#### What is expected
Without including any pictures, give back all of the data exactly.

Input data below:

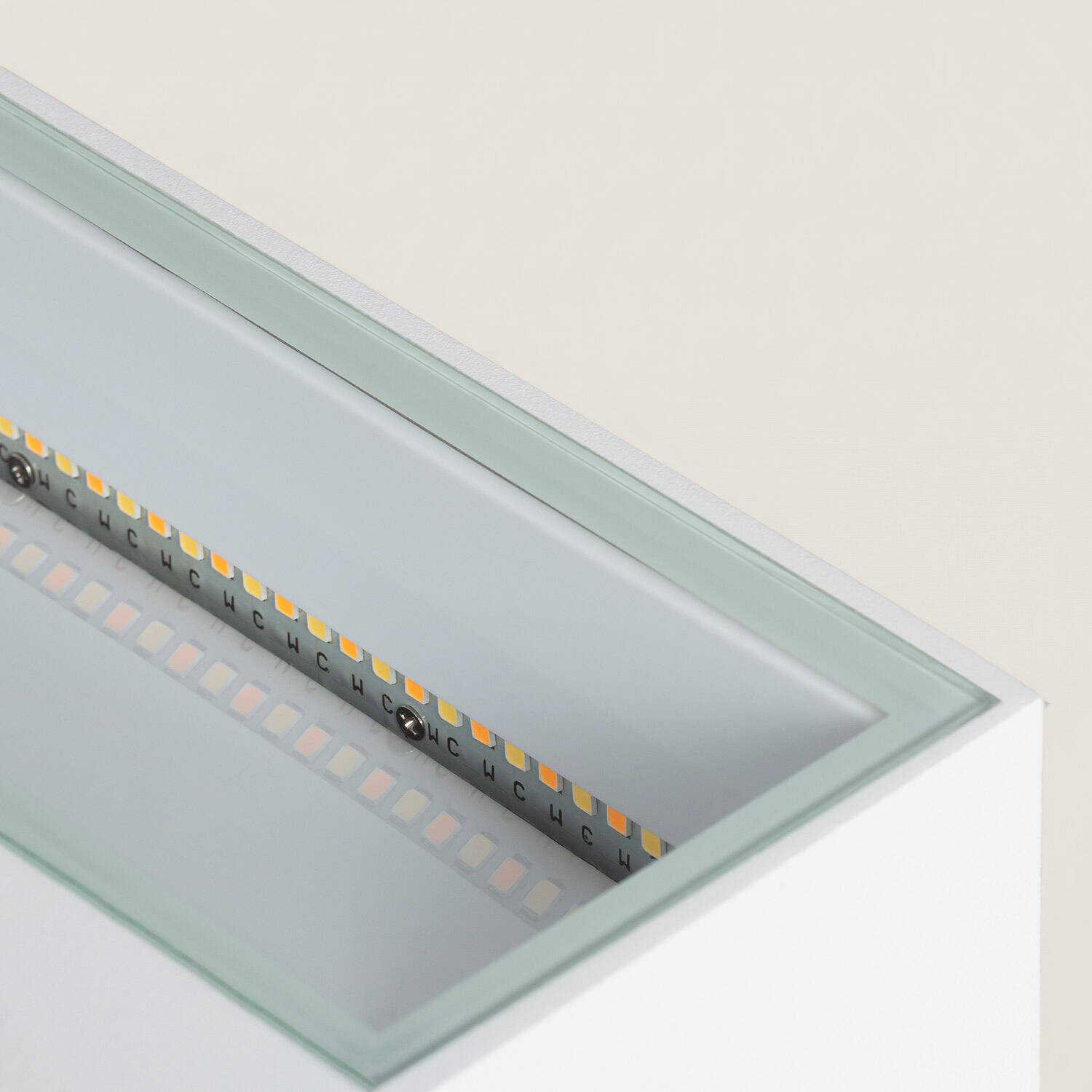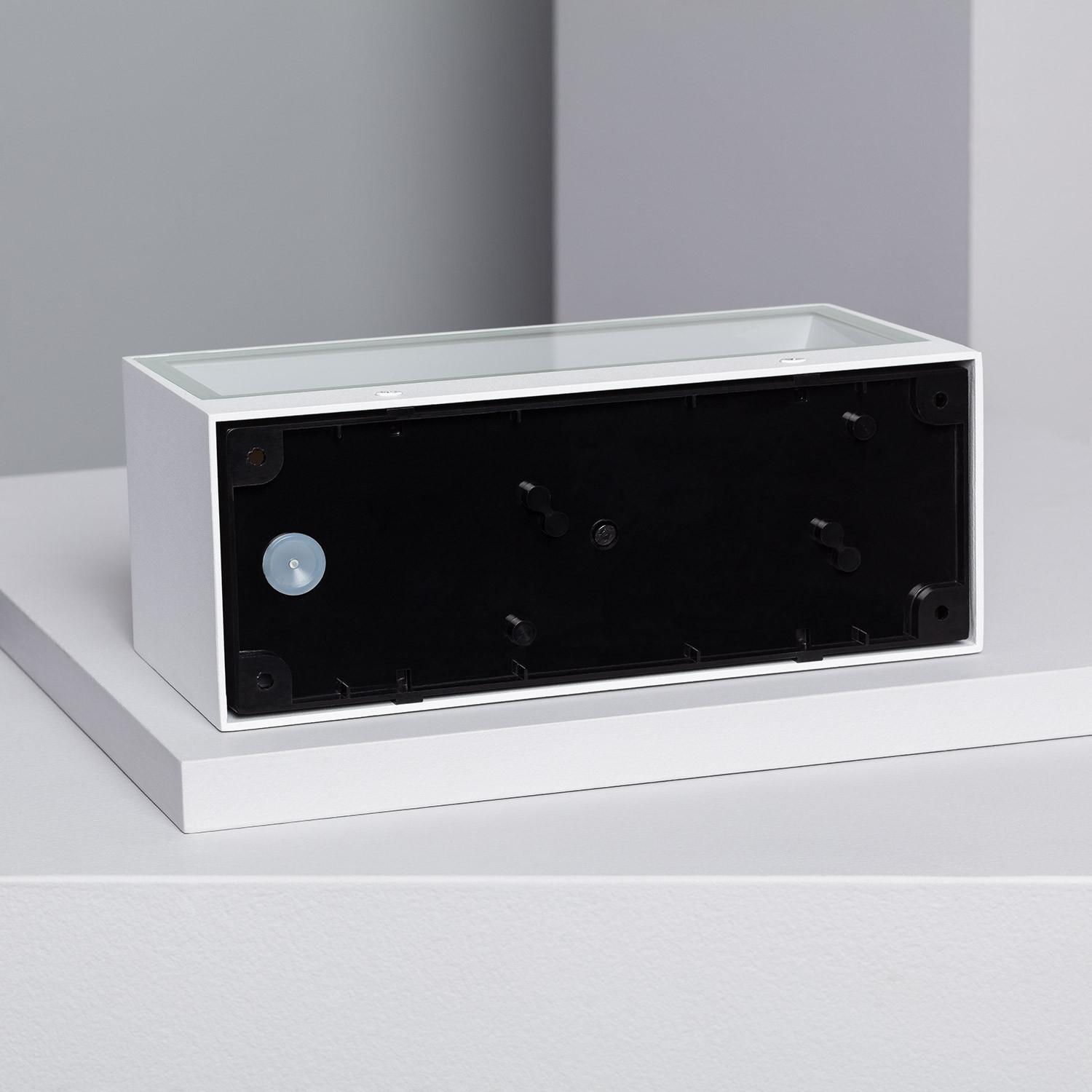 Le boîtier blanc en aluminium offre une finition raffinée et contemporaine, pensée pour s’intégrer discrètement aux architectures modernes. Ses lignes géométriques soignées valorisent murs et entrées tout en conservant un profil compact, idéal pour des installations esthétiques et durables et facile à associer.
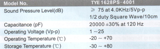 TYE1628PS压电蜂鸣器
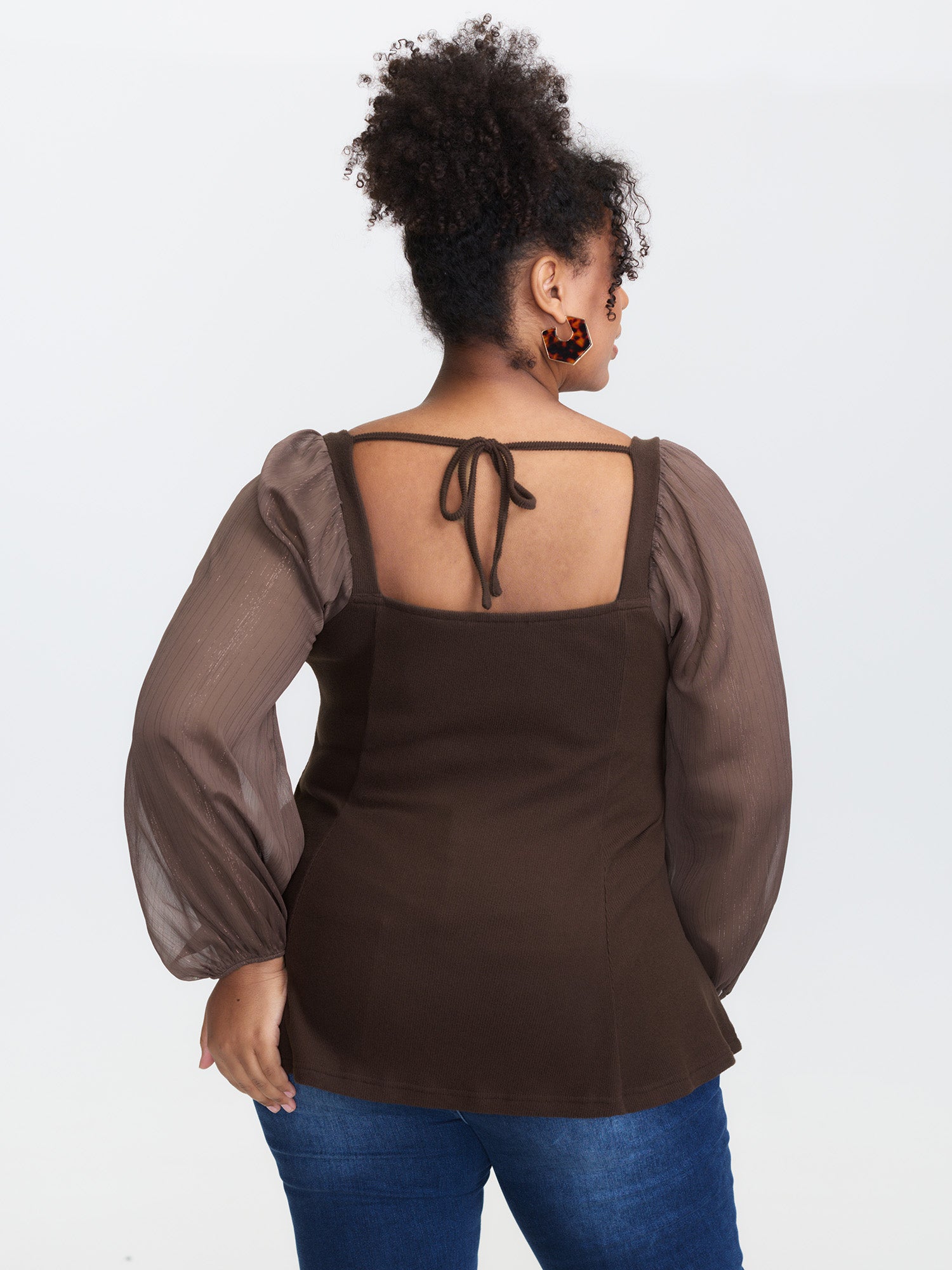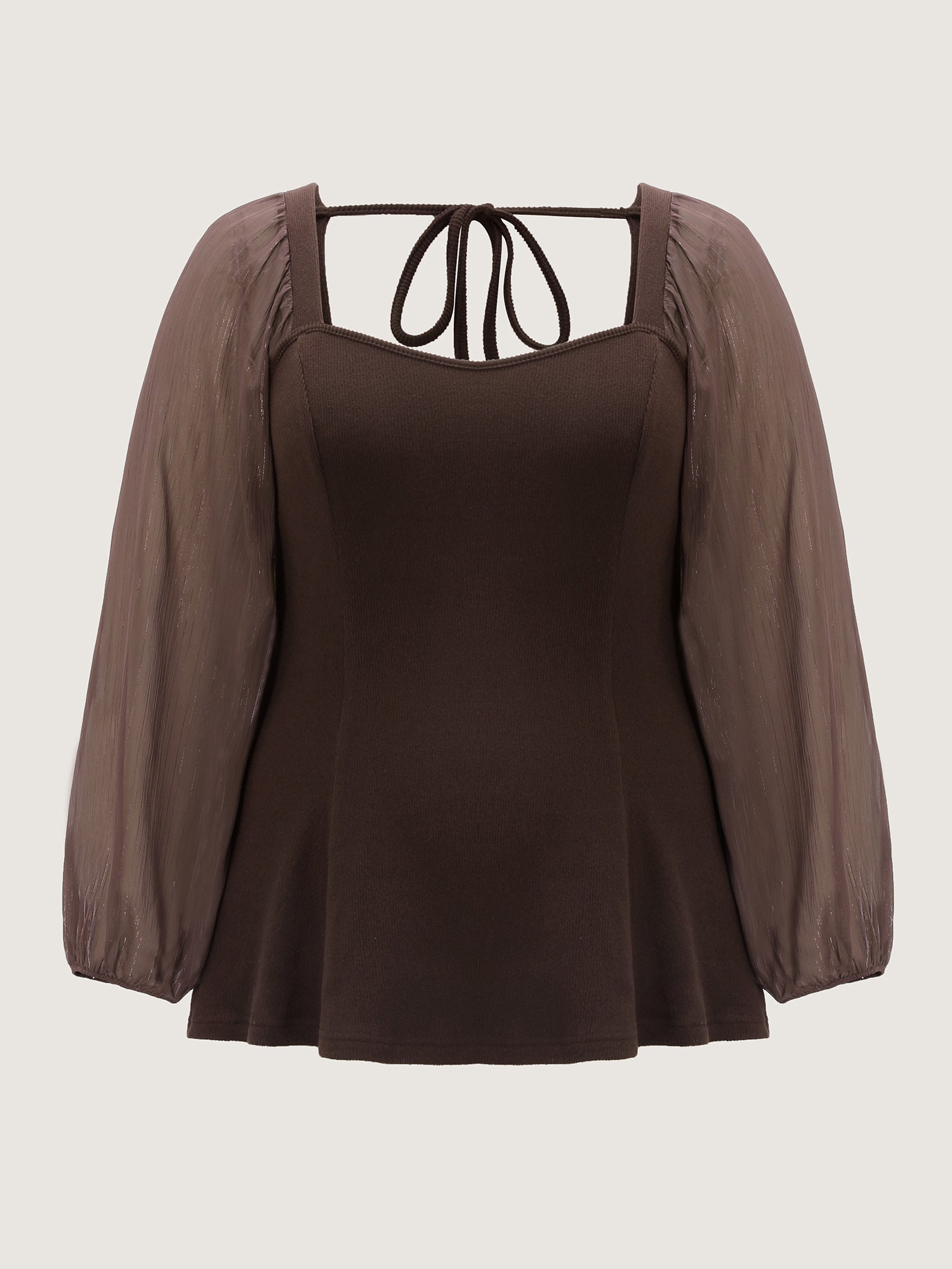 Shop Stretchy Ribbed Luxe Back-Tie Knit Top now and redefine your style with confidence at BloomChic. Tailored for mid and plus-size women. This trendy Tops Women, sizes 10-30. Color:DarkBrown;Style:Timeless;Prints:Non;Neckline:Heart neckline;Sleeve Type:Puff Sleeve;Details:Backless, Cut-Out, Knotted, Patchwork, See through, Gathered;Pocket:No-pocket

End of Input data.

#### Answer for this exercise
 Le boîtier blanc en aluminium offre une finition raffinée et contemporaine, pensée pour s’intégrer discrètement aux architectures modernes. Ses lignes géométriques soignées valorisent murs et entrées tout en conservant un profil compact, idéal pour des installations esthétiques et durables et facile à associer.
 TYE1628PS压电蜂鸣器
 Shop Stretchy Ribbed Luxe Back-Tie Knit Top now and redefine your style with confidence at BloomChic. Tailored for mid and plus-size women. This trendy Tops Women, sizes 10-30. Color:DarkBrown;Style:Timeless;Prints:Non;Neckline:Heart neckline;Sleeve Type:Puff Sleeve;Details:Backless, Cut-Out, Knotted, Patchwork, See through, Gathered;Pocket:No-pocket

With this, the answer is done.